Fear-of-the-Lord is, in a word, reverence. To fear God is to put your ultimate trust in God’s goodness, even God’s sovereignty. This is a humbling thing. Fearing God means admitting that we are not in control, and nothing scares an anxious person more than losing control. But control is an illusion. Much of life is profoundly beyond our control. So we must make a decision and live with it. Do we believe that we are ultimately at the mercy of all that terrifies us, or do we believe that we are held in the palm of God’s hand?

“I am the Alpha and the Omega, the beginning and the end.” These are the words God speaks to the author of Revelation. It’s easy to get caught up in the weirdness of this last book of the Bible. It’s also easy to let the book be ruined by Christians who read its rich apocalyptic symbolism as literal predictions. I want to set that aside and rejoice in the hopeful vision cast by John of Patmos, the author of the letter. He bears witness to the ultimate restoration of a fallen world. The work that God began in the life, death, and resurrection of Jesus Christ to redeem the world will be fulfilled. “God himself will be with them;” John wrote. “He will wipe every tear from their eyes. Death will be no more; mourning and crying and pain will be no more.” What is most astounding is that these words were penned during a season of profound mourning and crying and pain. Christians were the target of intense persecution. The blood of martyrs stained the streets of Rome. Despite the evidence that everything was going to hell in a handbasket, in John’s vision of the end of time, evil is eradicated, sin is washed away, and love wins.

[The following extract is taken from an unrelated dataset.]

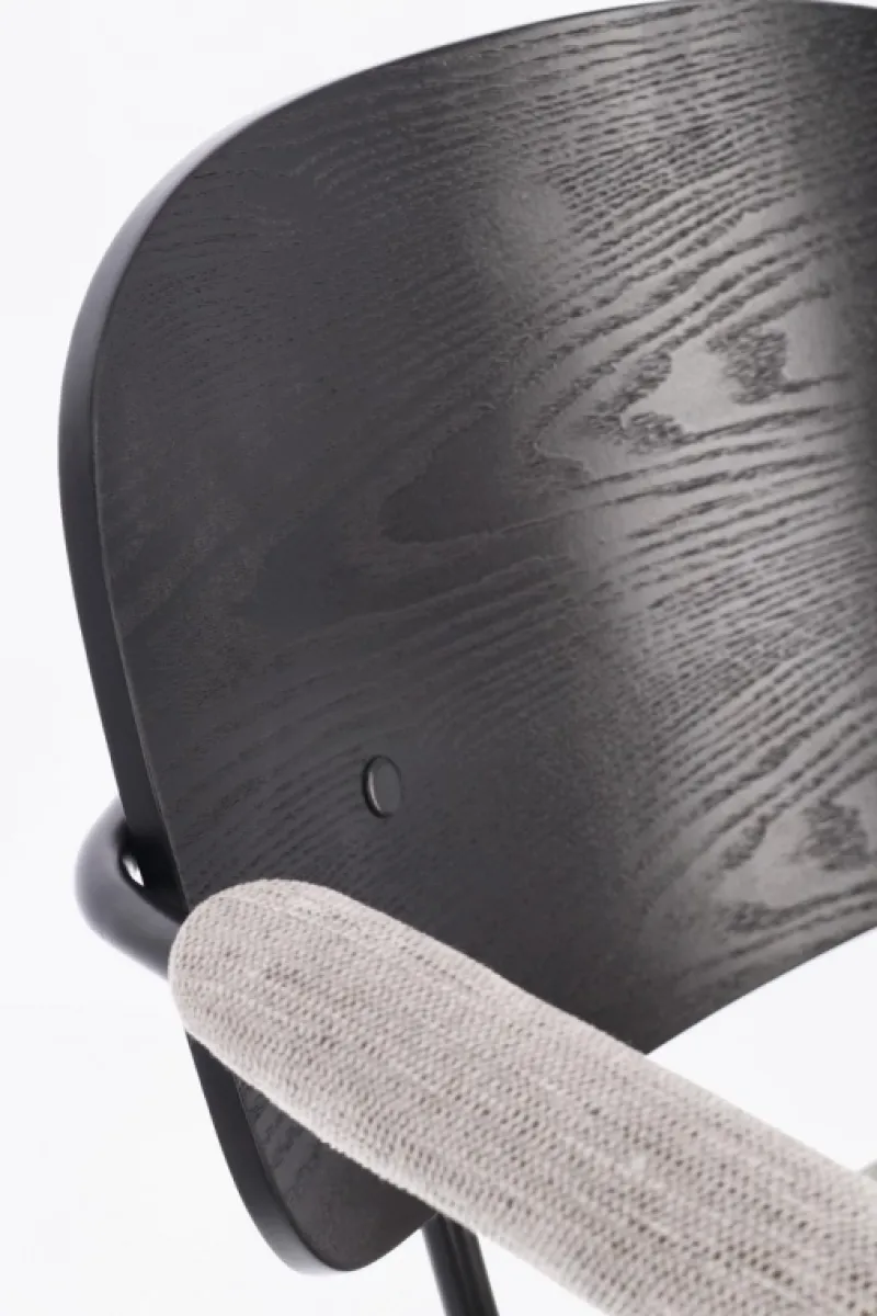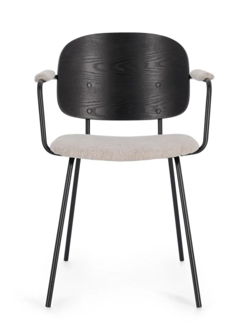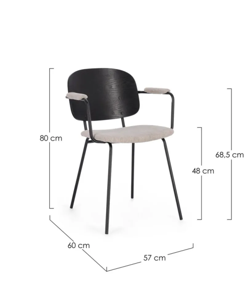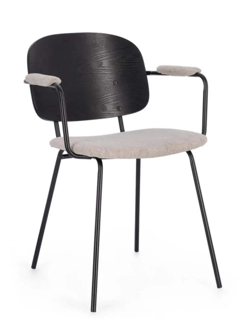STRUTTURA IN ACCIAIO VERNICIATA A POLVERE EPOSSIDICA. SCHIENALE IN COMPENSATO IMPIALLACCIATO LEGNO DI PIOPPO. SEDUTA E BRACCIOLI IN COMPENSATO CON RIVESTIMENTO IN 100% POLIESTERE. DA ASSEMBLARE.
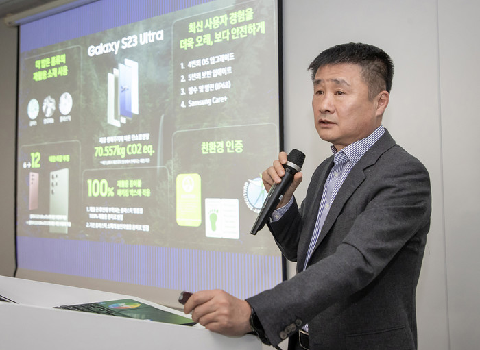 박성선 MX사업부 기구개발팀장(부사장)은 13일 서울 중구 태평로빌딩 삼성전자 기자실에서 브리핑을 열고 친환경 부품 개발 과정과 의미에 관해 설명하면서 "내구성과 신뢰성이 확보된 우수한 품질의 소재 확보와 상품화에 노력하고 있다"고 강조했다.

There is a lot of suffering in the book of Revelation before you get to the triumphant culmination – just as there is a lot of suffering during that week we call Holy before we get to the victorious celebration of Easter. If you were telling someone the story of Jesus, you wouldn’t stop on Good Friday; that is simply not where the story ends. John’s letter to the Revelation vows that no matter how bad it gets, no matter how terrible our trials and tribulations, you must have hope. There is yet another chapter.

I love how the Brazilian author Paolo Coelho puts it: “Everything will be okay in the end. If it’s not okay, then it’s not the end.”

This is the thing. Putting our faith, hope, and trust in God does not let us off the hook. Believing in that vision of a new heaven and a new earth does not mean we should shrug off concerns about the care of our planet. Just as Paul vehemently denied that the freely given grace of God does not give Christians license to sin, trusting that God will restore Creation does not mean it doesn’t matter how we live. The message of the gospel is the exact opposite. Jesus walked this earth as a teacher, preacher, and healer. All of his ministry pointed in one powerful direction: the Kingdom of God. And God’s kingdom is not merely some heaven, faraway. It’s a reality for all who count themselves followers of Jesus. Christians are called to be citizens of the Kingdom of God, living according to the way of the new heaven and new earth.

It is a way of love, justice, mercy, freedom. And it is a way of hope, even in an age of anxiety. If God is truly our beginning and our end, we can find hope in every circumstance, from the deepest dark age to the brightest golden age. Fear God, and nothing else.

The absolute best thing I read all week, in response to the tragedies in Colorado, was a sermon called "Defiant Alleluia" by the Rev. Nadia Bolz-Weber. I highly encourage you to go find it yourself; perhaps we can include a link to it on our website. Rev. Bolz-Weber writes, “the reason we can stand and we can weep and we can listen is because finally we, like Mary [Magdalene] are bearers of resurrection. We know that on the 3rd day [Jesus] rose again. We do not need to be afraid. Because to sing to God amidst all of this is to defiantly proclaim like Mary Magdalene did to the apostles, that death is simply not the final word. To defiantly say that a light shines in the darkness and the darkness can not - will not - shall not overcome it. And so, evil be damned, because even as we go to the grave, still we make our song Alleluia. Alleluia. Alleluia.”

Let us stand and sing our Alleluias.

[At this point we sang When All Is Ended by Brian Wren, which begins:
"When all is ended, time and troubles past,
shall all be mended, sin and death outcast?